Headlines You Won’t See in the Mainstream Year-End Reviews 2020
“Social media followers find a novel way to lose their shit”
Congratulations, you’re “that Guy” if you lost your shit and raced out to buy a life’s supply of toilette paper in response to the Novel Corona virus. That’s right, we saw a real global pandemic blossom into a surreal world zombie apocalypse as herds of braindead social media “followers” were lining up everywhere to buy shitloads of bum-wad. Stupid is as stupid does when you, and the trends you have become accustomed/conditioned to following, are that full of shit. For the record, the novel corona virus has nothing to do with your anal retentiveness (or lack thereof). Just because you dub yourself an early adopter, you are still a follower, so if you have any self-respect whatsoever, you should at least take a good hard look at who you are following and especially how full of shit they or their claims may be.
“It’s only Fake News until Reality TV gets hurt.”
Shit gets real when the reality of a potential global pandemic finally hits America’s soft underbelly as production of the Great Race is suspended and a different great race to the bottom commences on Wall Street and other stock markets around the world. Even America’s Reality TV Star (and Fake News Orgasmatron)-in-Chief is forced to contradict his signature fake news response to this latest issue in an attempt to make Reality TV (and his own hopes of re-election) Great Again.

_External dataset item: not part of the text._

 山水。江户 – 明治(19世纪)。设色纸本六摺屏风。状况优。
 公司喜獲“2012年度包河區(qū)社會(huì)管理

My “Blowhard is as Blowhard Does” award goes to the Dodder (and his great wall).
“The French Disconnection”
There is a clear case of “do as we say not as we do” developing in France when their government sees a worldwide pandemic of protests sparked by viral videos of police brutality and shootings as merely a symptom of a more fundamental problem. Their solution? The French will make it illegal for citizens to film police officers. Brilliant! Even before the bill is passed, there is already evidence of its potential effectiveness as there are no longer thousands in the streets protesting police brutality (because there are now tens of thousands in their streets protesting the proposed law). Fortunately for their camera shy gendarme, the French have 1.65 million surveillance cameras in their streets to film that filthy rabble. Screw the cake, let them eat pepper (with a whiff tear gas).
In a related story: “Who were those masked men?”

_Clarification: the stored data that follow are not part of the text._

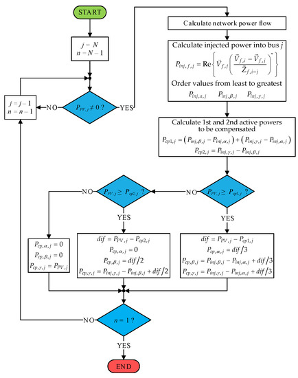 Next, this value is compared to the three-phase production at bus j, i.e., it is verified if . If so, the difference between these two power values is calculated. Then, the compensation powers for each phase at the bus j are obtained in the following way:
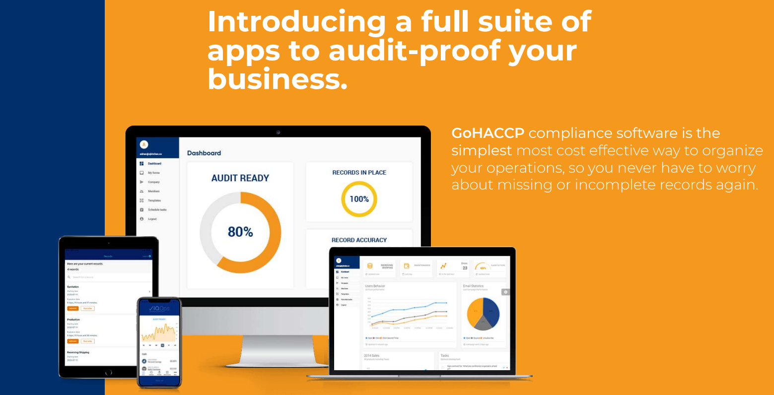 GoHACCP compliance software is the simplest most cost effective way to organize your operations, so you never have to worry about missing or incomplete records again. A system that constantly monitors with smart alerts, and analyzes real threats before they become and issue. A self-auditing platform that continually directs relevant data to the right places. A gamified video based training platform that encourages learning and staff engagement. Working around the clock to guarantee safety and compliance. Customized systems, patented software and technology. Experience real-time metrics on all audit related records with our dashboard system. Improve your compliance score to pass any audit. Boost efficiency with your compliance data gathering and organisation.
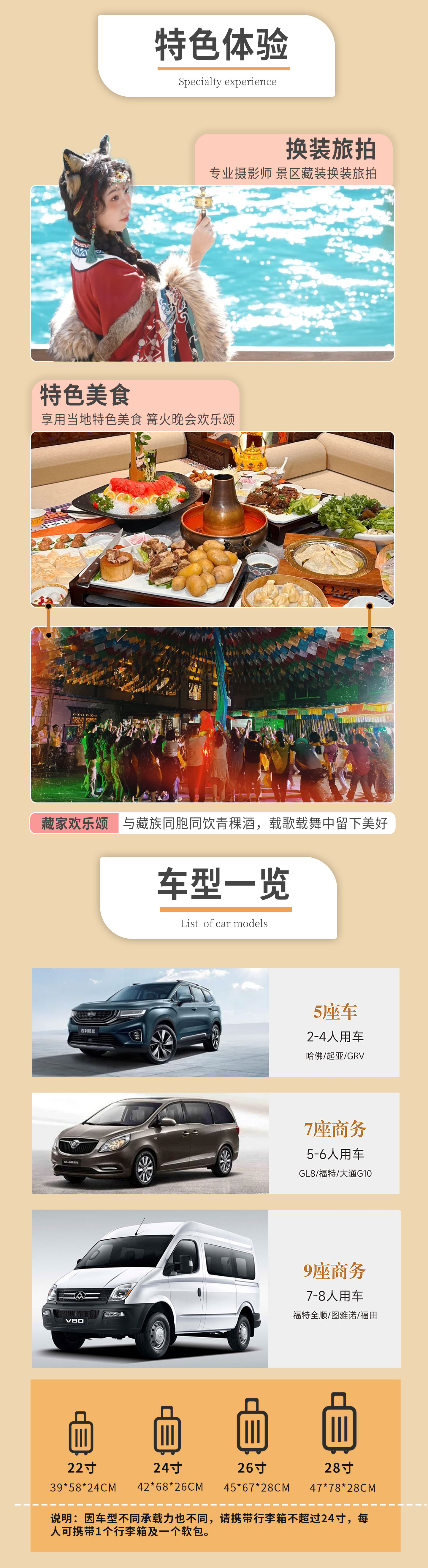 (3)行李箱:小车空间有限,行李箱大小请控制在20-24寸。
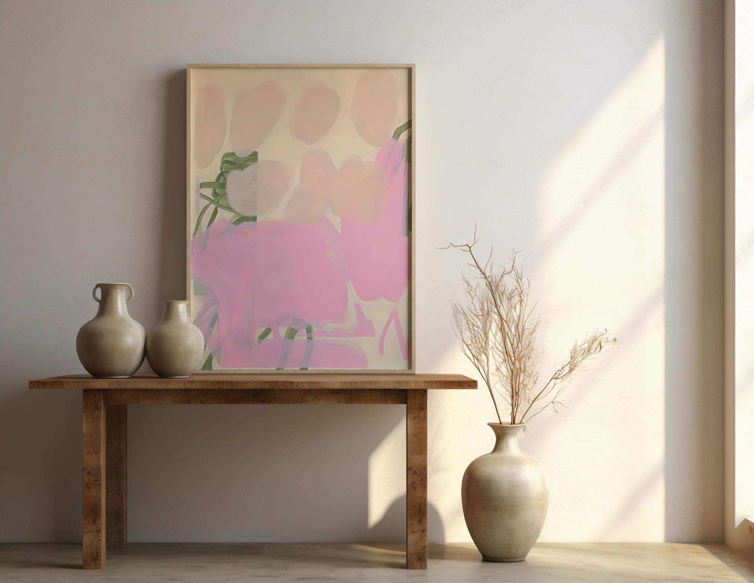 A soft, modern abstract artwork printed as a fine art poster on premium matte paper. Featuring blush pink, warm cream, muted sage green, and airy neutral tones, this piece uses gentle painterly layers and organic shapes to create a calm, elevated look designed for light, minimalist interiors.
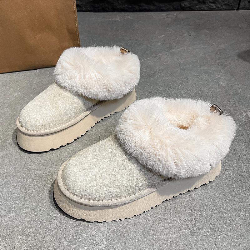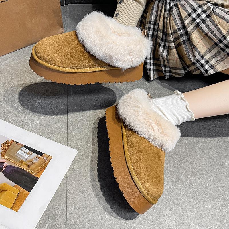 Северо-восточные сноубутсы на толстой подошве женские зима 2025 новые набивные утолщенные теплые пушистые короткие снежные хлопковые туфли
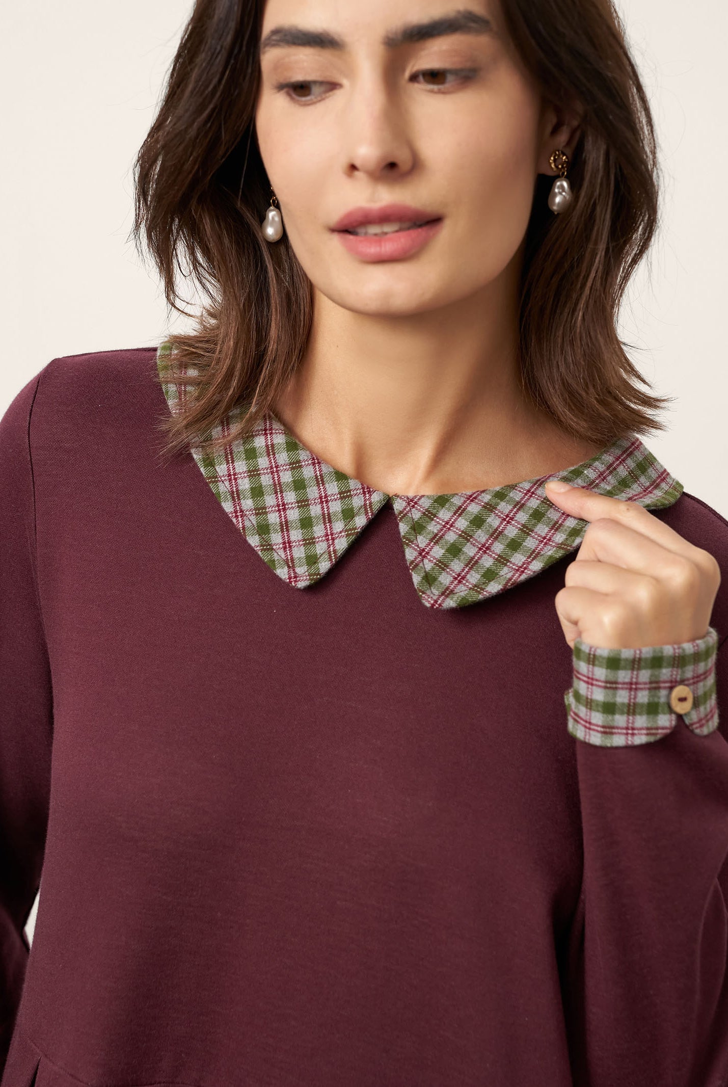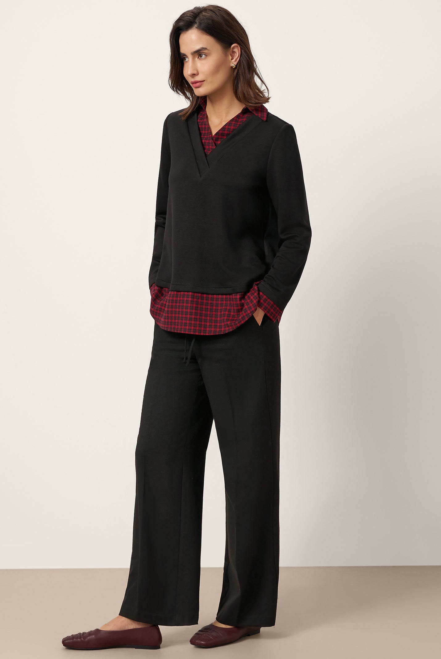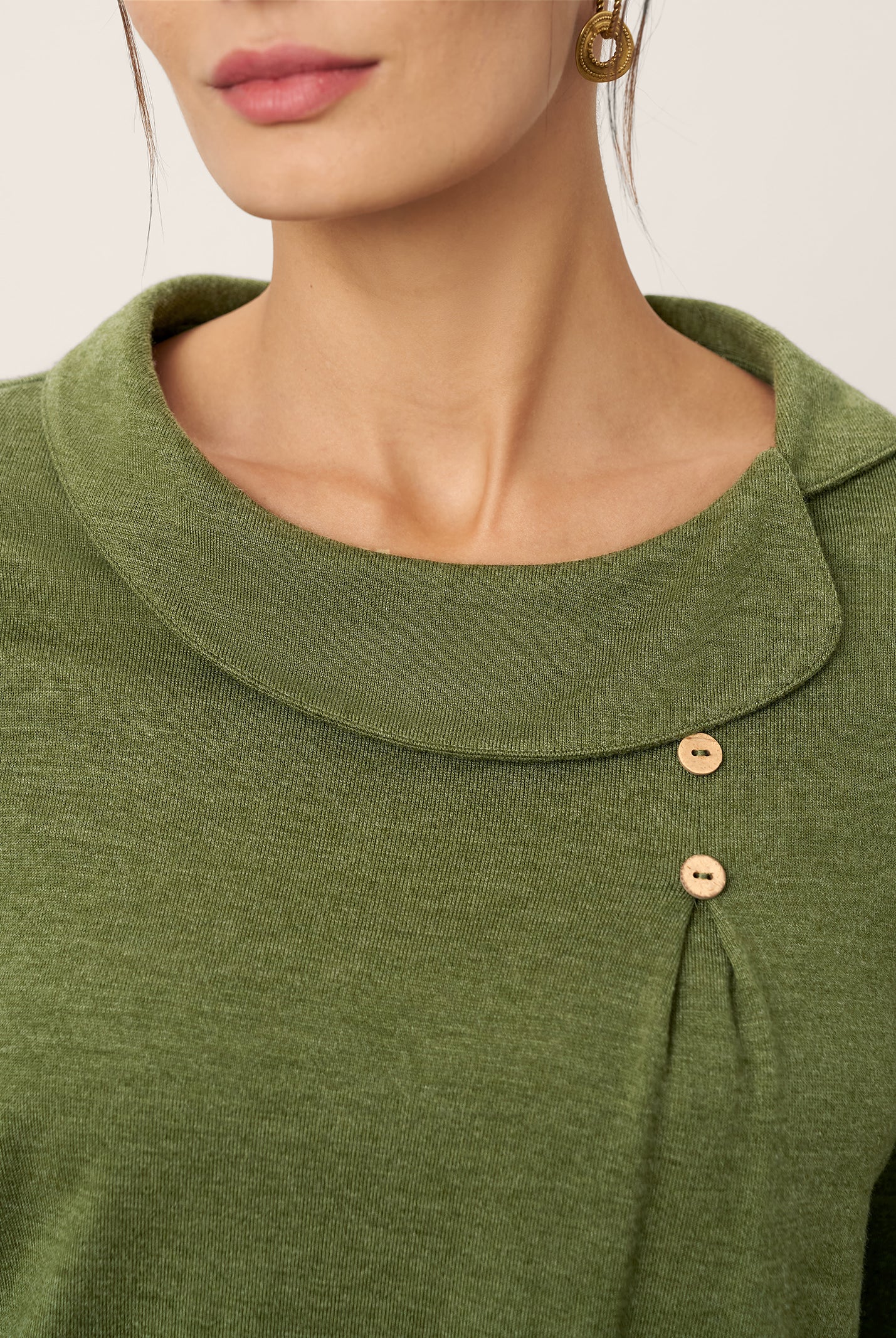 I'm impressed by how comfortable this top is. The wool keeps me warm without being bulky, and the collar detail makes it look more dressy than a basic sweater.
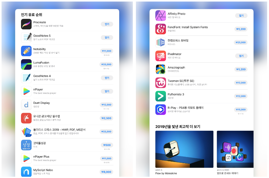 아이패드 앱 인기 유료 순위 1위는 프로크리에이트 입니다. 저도 사용하고 있는 앱으로 최고의 페인팅 앱입니다. 굿노트5가 여전히 인기를 얻고 있고 동영상 편집앱인 루마퓨전도 좋은 반응을 얻고 있습니다.

“No-one is useless, they can always be used as a bad example”
As the world attempts to improvise and overcome a global pandemic, America’s Megalomaniac-in-Chief and self-proclaimed war president remains steadfast and reluctant to change anything especially his “it’s all about me” brand of leadership by example. It’s a good news, bad news story when he initially enjoys an approval rating of 49% with the American public (the highest of his four year presidency), alas it is common for Americans to rally to their president during times of crises, and it must gall him that, by comparison (and we know Mr. Least Racist President Except Maybe Lincoln is all about comparisons and superlatives), George Bush Jr. enjoyed a 90% approval rating after the 9/11 attacks.

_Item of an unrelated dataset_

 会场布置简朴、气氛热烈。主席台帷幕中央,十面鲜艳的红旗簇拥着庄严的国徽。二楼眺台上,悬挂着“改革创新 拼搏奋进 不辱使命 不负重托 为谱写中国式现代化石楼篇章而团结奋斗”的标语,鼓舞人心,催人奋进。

“Stiff opposition to critics of the Alberta oilsands otter beware!”
“To kill the messenger in China, you have to double tap”
In a scene right out of the movie Zombieland, the streets of Wuhan, a Chinese city of 11 million people, are dead as its undead are locked indoors. There are even (unsubstantiated) stories of the undead being welded and boarded up in homes while other walkers who manage to escape to the streets fear for their undead lives at the hands of fearfully overzealous vigilantes. One brave doctor “dies twice” trying to warn China and the world of the coming apocalypse. Sources say this is because Chinese authorities have a “double-tap” rule to make sure the undead are really dead. Apparently in communist China you cannot officially die until the State says you’re dead.
“Don’t blame us, blame the weatherman”
Global warming deniers and their cheerleaders at FOX news have long maintained that even if climate change was a real threat, mankind’s ingenuity will meet challenge just-in-time, because necessity is the mother of invention… right? Wrong! More irrefutable evidence that time is running out on all of us (including those FOXy hardliners who have been arguing that global warming is a big fat hoax that is being perpetrated by socialists, scaredy cats, dumb scientists, fake news, 16 year-old Swedish girly-girls, baby eating pizza chefs and China). This just-in-time solution from the mothers of invention in Venice was tested this year 17 years after construction of their MOSE Floodgate system began, but it turns out they still need a little MOSE time before it will be completed by the end of 2021 (at which time they are confident that there should be some hope that said system will be MOSEly successful in preventing further flooding as long as the weatherman can give them at least 48 hours notice.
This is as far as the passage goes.